*** Supplied data ***
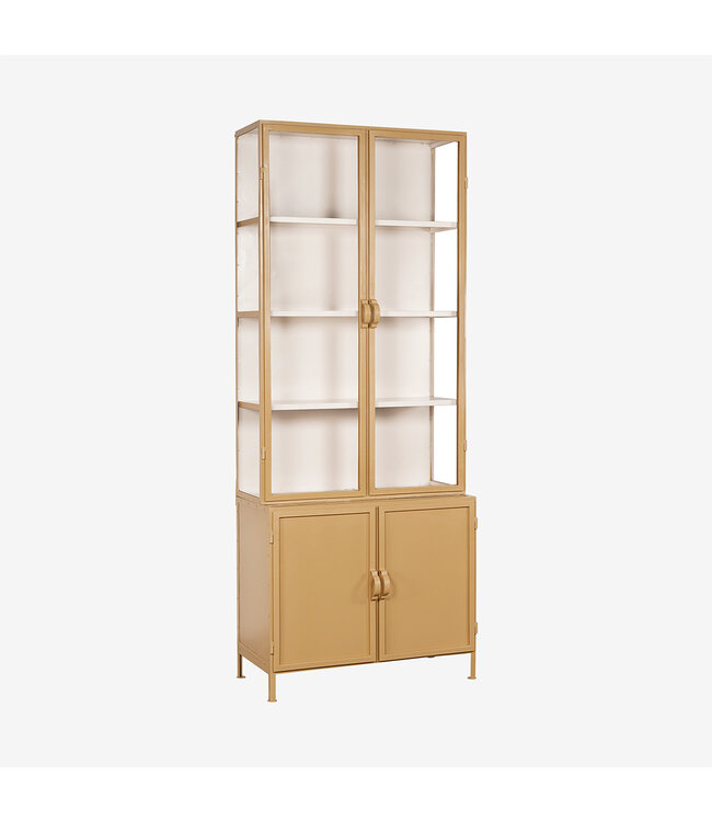 Deze ambachtelijk vervaardigde metalen vitrinekast is voorzien van vier deuren, waarvan de bovenste rij is uitgerust met helder glas. Hierdoor krijgt je mooiste servies, decoratie of boeken een prominente plek in je interieur. De binnenkant bevat stevige metalen planken, waardoor je voldoende opbergruimte hebt.
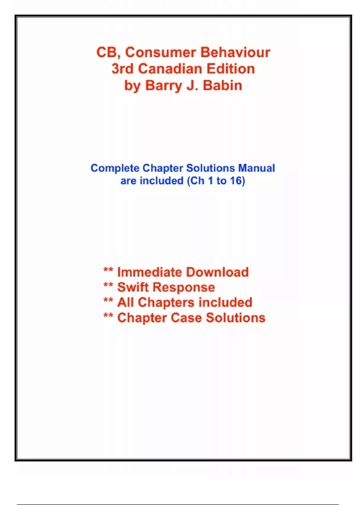 Solution Manual for CB, Consumer Behaviour 3rd Canadian Edition by Barry J. Babin, Chapter 1-16 | All Chapters
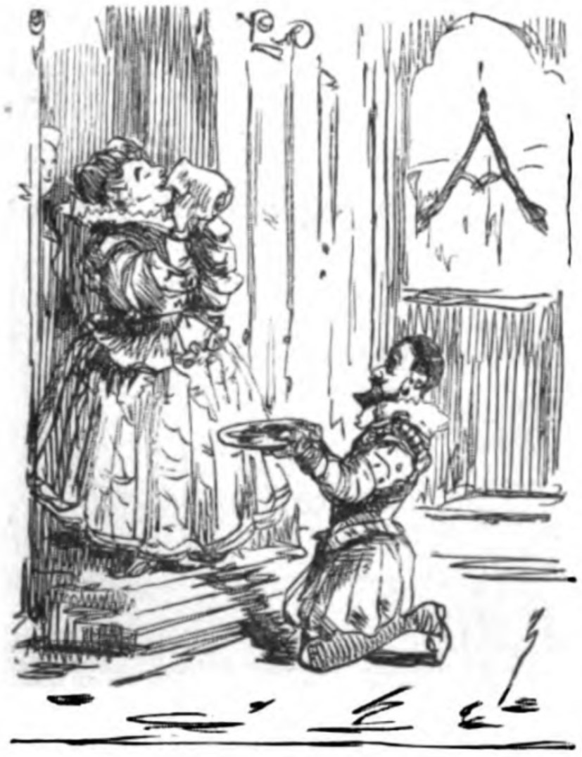 Queen Elizabeth I is depicted standing on a raised dais to the left of the image, drinking from a pitcher of beer she holds in both hands. In front of her is the ancestor of Pitt Crawley, a man with a pointed beard, kneeling and holding the platter from which the beer was taken. A slight figure of a guard can be seen behind the queen, and in the top right of the picture, the letter A from Among is seen through a window.
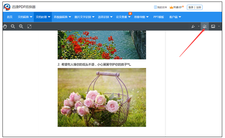 文件添加之后,在右侧的编辑工具中找到箭头指示的工具,
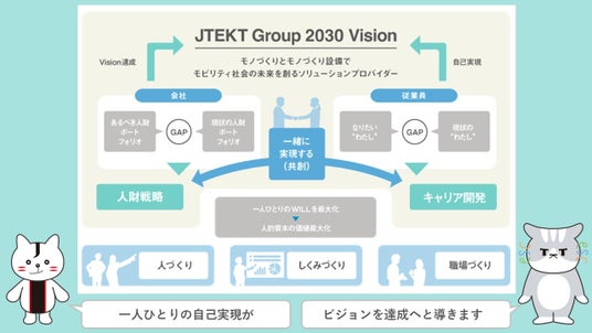 ジェイテクトは、「技術をつなぎ、地球と働くすべての人を笑顔にする」というミッションに基づき、2030年までに目指す姿としてJTEKT Group 2030 Vision「モノづくりとモノづくり設備でモビリティ社会の未来を創るソリューションプロバイダー」を掲げています。
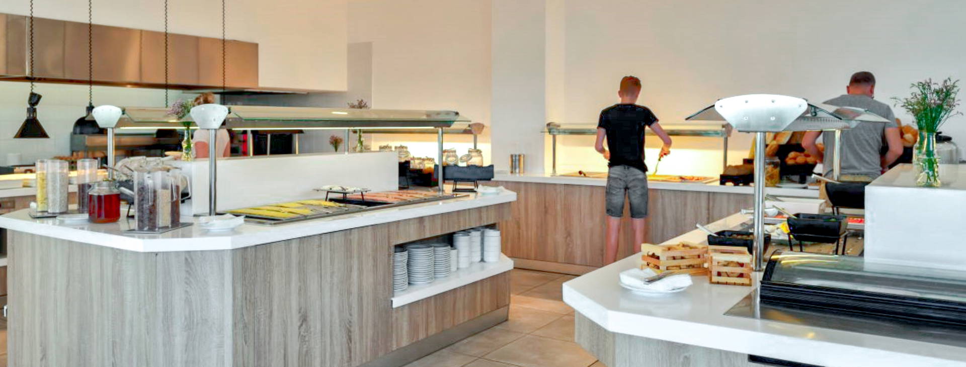 Jedálny lístok zahŕňa grécke a medzinárodné jedlá pripravené z miestnych produktov. Počas celého dňa je k dispozícii aj občerstvenie a nápoje. Každý deň je k dispozícii iné menu, ako aj živá kuchyňa pripravovaná profesionálnymi kuchármi.
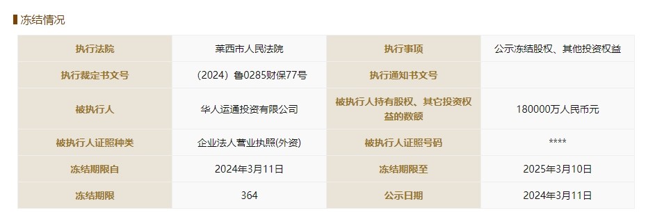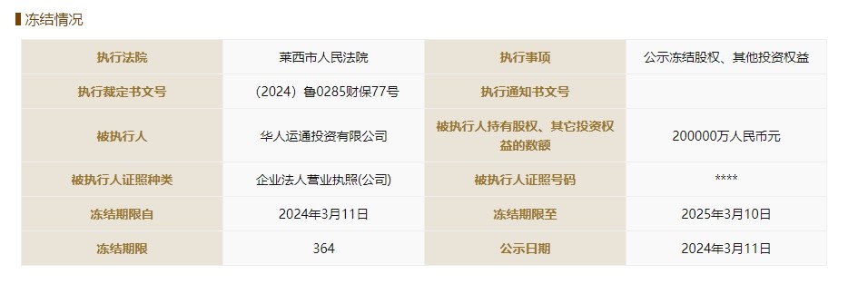 中新经纬3月25日电 据国家企业信用信息公示系统网站信息,华人运通投资有限公司(以下称“华人运通投资公司”)新增一则股权冻结信息,其所持超38亿股权被冻结。
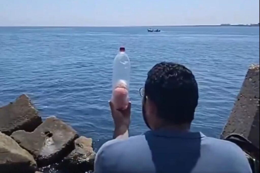 This leads to the desperate attempt to throw bottles filled with rice and grains into the sea with the hope that it may reach the beach of the Arabs of Gaza. This is what hopelessness looks like.
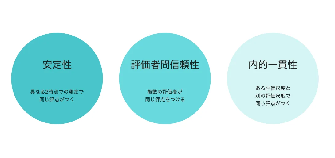 測定尺度の妥当性の主要な条件が、信頼性、すなわち精度の高さである。たとえば、ある評価要素(能力・行動・成果など)について、ある測定尺度を用いて異なる2時点で測定し、同じ評点がつく場合には、その尺度は「安定性」が高いといえる。ある貢献要素について、それに関する尺度を用いる2人の評価者が同じ評点をつける場合には、その尺度は「評価者間信頼性」が高いといえる。
*** End of Supplied data ***
What to produce: What is needed is a verbatim transcription of the records, minus the pictures.

Solution below:
 Deze ambachtelijk vervaardigde metalen vitrinekast is voorzien van vier deuren, waarvan de bovenste rij is uitgerust met helder glas. Hierdoor krijgt je mooiste servies, decoratie of boeken een prominente plek in je interieur. De binnenkant bevat stevige metalen planken, waardoor je voldoende opbergruimte hebt.
 Solution Manual for CB, Consumer Behaviour 3rd Canadian Edition by Barry J. Babin, Chapter 1-16 | All Chapters
 Queen Elizabeth I is depicted standing on a raised dais to the left of the image, drinking from a pitcher of beer she holds in both hands. In front of her is the ancestor of Pitt Crawley, a man with a pointed beard, kneeling and holding the platter from which the beer was taken. A slight figure of a guard can be seen behind the queen, and in the top right of the picture, the letter A from Among is seen through a window.
 文件添加之后,在右侧的编辑工具中找到箭头指示的工具,
 ジェイテクトは、「技術をつなぎ、地球と働くすべての人を笑顔にする」というミッションに基づき、2030年までに目指す姿としてJTEKT Group 2030 Vision「モノづくりとモノづくり設備でモビリティ社会の未来を創るソリューションプロバイダー」を掲げています。
 Jedálny lístok zahŕňa grécke a medzinárodné jedlá pripravené z miestnych produktov. Počas celého dňa je k dispozícii aj občerstvenie a nápoje. Každý deň je k dispozícii iné menu, ako aj živá kuchyňa pripravovaná profesionálnymi kuchármi.
 中新经纬3月25日电 据国家企业信用信息公示系统网站信息,华人运通投资有限公司(以下称“华人运通投资公司”)新增一则股权冻结信息,其所持超38亿股权被冻结。
 This leads to the desperate attempt to throw bottles filled with rice and grains into the sea with the hope that it may reach the beach of the Arabs of Gaza. This is what hopelessness looks like.
 測定尺度の妥当性の主要な条件が、信頼性、すなわち精度の高さである。たとえば、ある評価要素(能力・行動・成果など)について、ある測定尺度を用いて異なる2時点で測定し、同じ評点がつく場合には、その尺度は「安定性」が高いといえる。ある貢献要素について、それに関する尺度を用いる2人の評価者が同じ評点をつける場合には、その尺度は「評価者間信頼性」が高いといえる。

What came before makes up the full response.